To takle that I made two things:
first, I wiped out linux on the ssd, removing it from the dual boot configuration (I know that 99% it wasn't the one to blame, but I've tried so many things that I thought it was worth a shot), I have all my work on various clouds anyway, so I never care about my data on full OS reinstalls.
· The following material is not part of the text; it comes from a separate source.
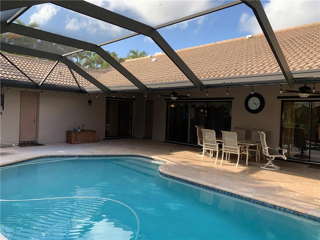 Tastefully updated 4 bed/2.5 bath pool home on serene waterfront canal. Feel the flowing spaciousness in the living areas and comfortable floor plan. Remodeled kitchen features wood cabinetry, granite countertops and stainless steel appliances. Updated laminate flooring in all bedrooms. Formal dining room and eat-in kitchen with custom built bar. Custom cabinetry throughout. Large screened pool deck with custom built-in outdoor kitchen. No HOA fees. This home is move-in ready and a MUST see!

second I limited the frames to 90 on call of duty games specifically, and managed to get a full day without crashes! I still don't consider it a victory, because my crashes happend once or twice per day (evening gaming sessions, usually from 21:00 to 01:00), thus statistically it could be that that single crash didn't occur right yesterday. So unless i manage to get at least 2 weeks of stable gaming, I'll not consider my problem solved. I'll keep you updated. Many thanks @dotas1 for your interest.
 
Solution
May 26, 2022
1
0
10
I found this thread while searching for a similar problem, so I'll add my story to the pile. I put together a new workstation with older parts using an Asrock motherboard, Ryzen 3 3900x, 32 gigs of DDR4-3600 and a powercolor RX 5700 XT gpu. Installed windows 10 LTSC (21H2). Experienced a lot of random reboots and crashes, and saw event log entries complaining of "CPU cache hierarchy" errors. I swapped a lot of parts without finding a resolution (Motherboard, CPU, Ram, power supply). When I finally removed the powercolor video card and swapped in a used Geforce 980 GTX from an old gaming machine, everything stabilized. No more reboots or errors in the event log.

tl;dr:
If you're using a Ryzen 3 cpu and powercolor xt 5700 or similar GPU, and seeing "cache hierarchy error" in the windows event logs with random reboots, try swapping out the GPU for something else.